**PROVIDED MATERIAL**
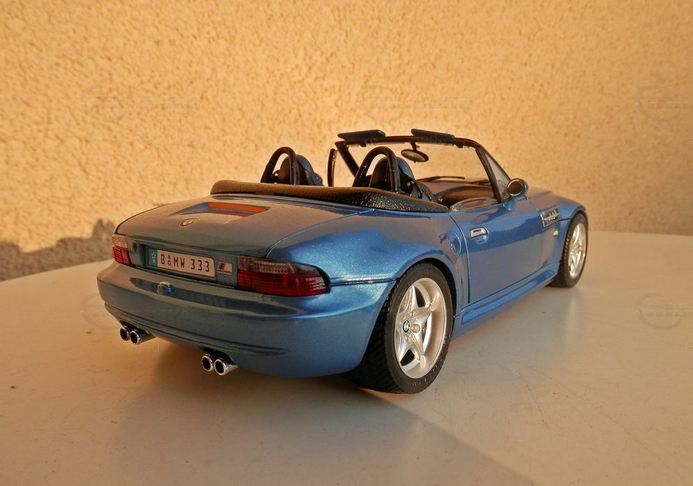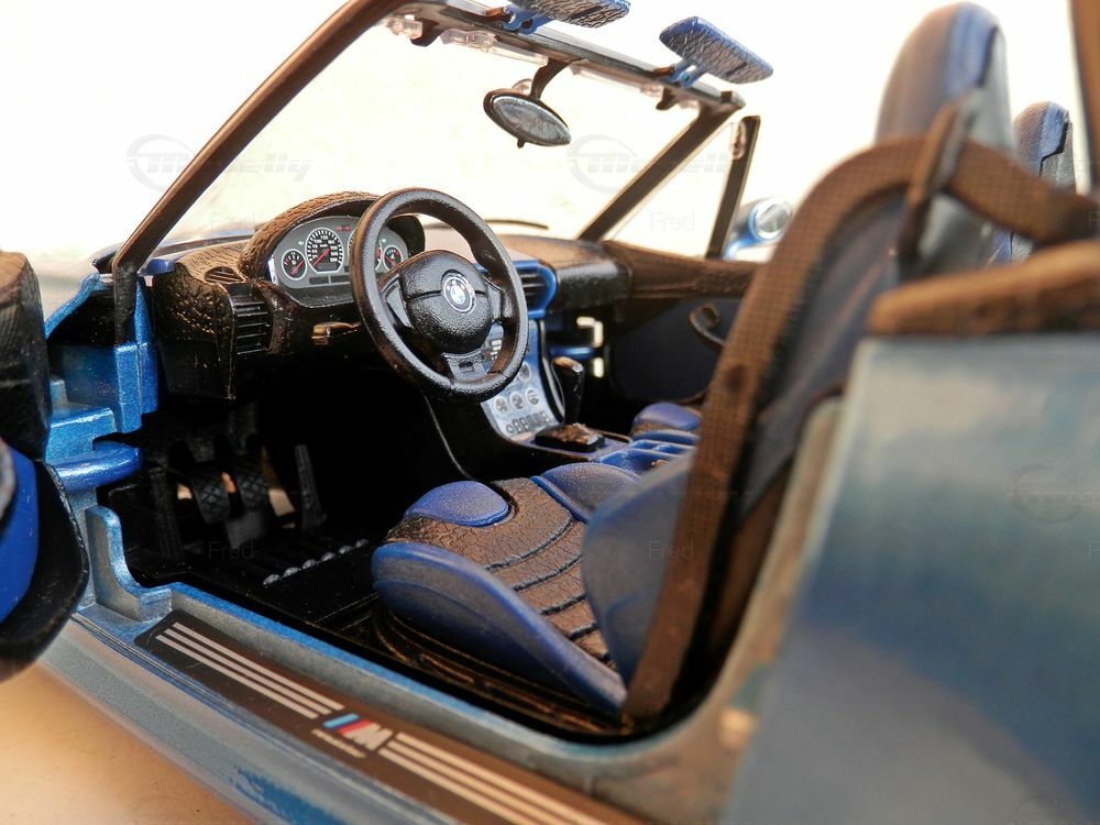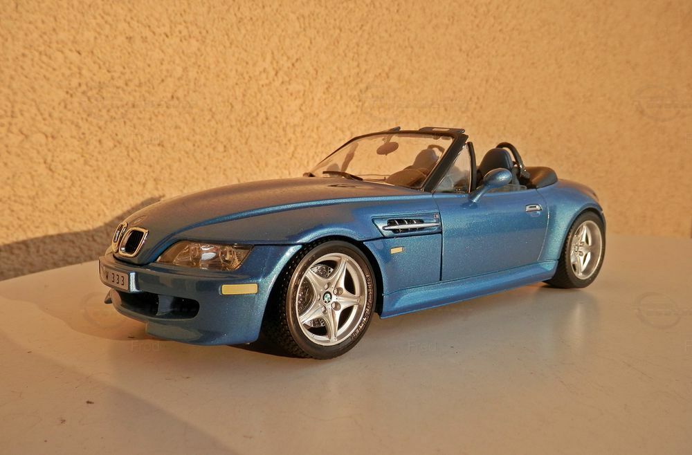 The model of the BMW Z3 M Roadster showcased here is a 1/18 scale replica manufactured by Bburago. Owned by a Modelly member named Fred, this diecast model faithfully captures the details of the original car. Its metallic blue finish perfectly complements the Roadster's sleek silhouette. The model features accurately replicated front and rear lights, fine ventilation slits, and specific rims. Even small details like the mirrors and door handles are depicted with precision.
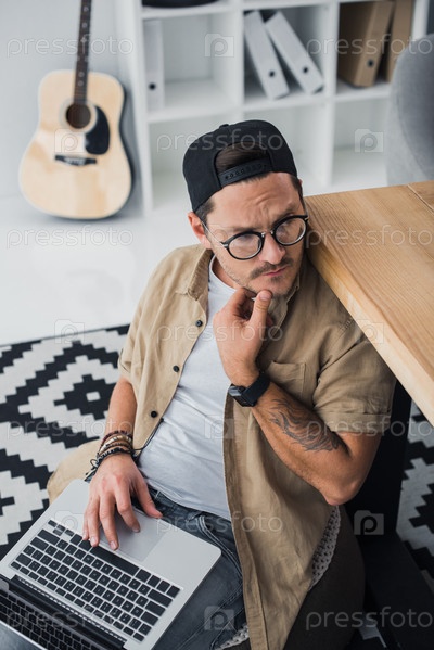 Красивый молодой бизнесмен, работающий с ноутбуком
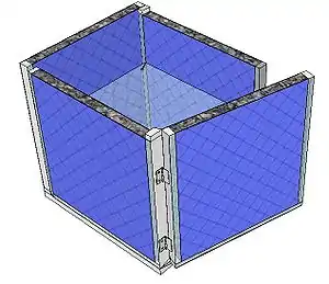 - Choose dimensions (length, width, and height) and cut wood. The device requires 2 pieces of each the length and width, and 8 of the height.

**TASK REQUIREMENTS**
Hand back the data exactly as it appears, with all pictures cut.

**RESULT OF THIS EXERCISE**
 The model of the BMW Z3 M Roadster showcased here is a 1/18 scale replica manufactured by Bburago. Owned by a Modelly member named Fred, this diecast model faithfully captures the details of the original car. Its metallic blue finish perfectly complements the Roadster's sleek silhouette. The model features accurately replicated front and rear lights, fine ventilation slits, and specific rims. Even small details like the mirrors and door handles are depicted with precision.
 Красивый молодой бизнесмен, работающий с ноутбуком
 - Choose dimensions (length, width, and height) and cut wood. The device requires 2 pieces of each the length and width, and 8 of the height.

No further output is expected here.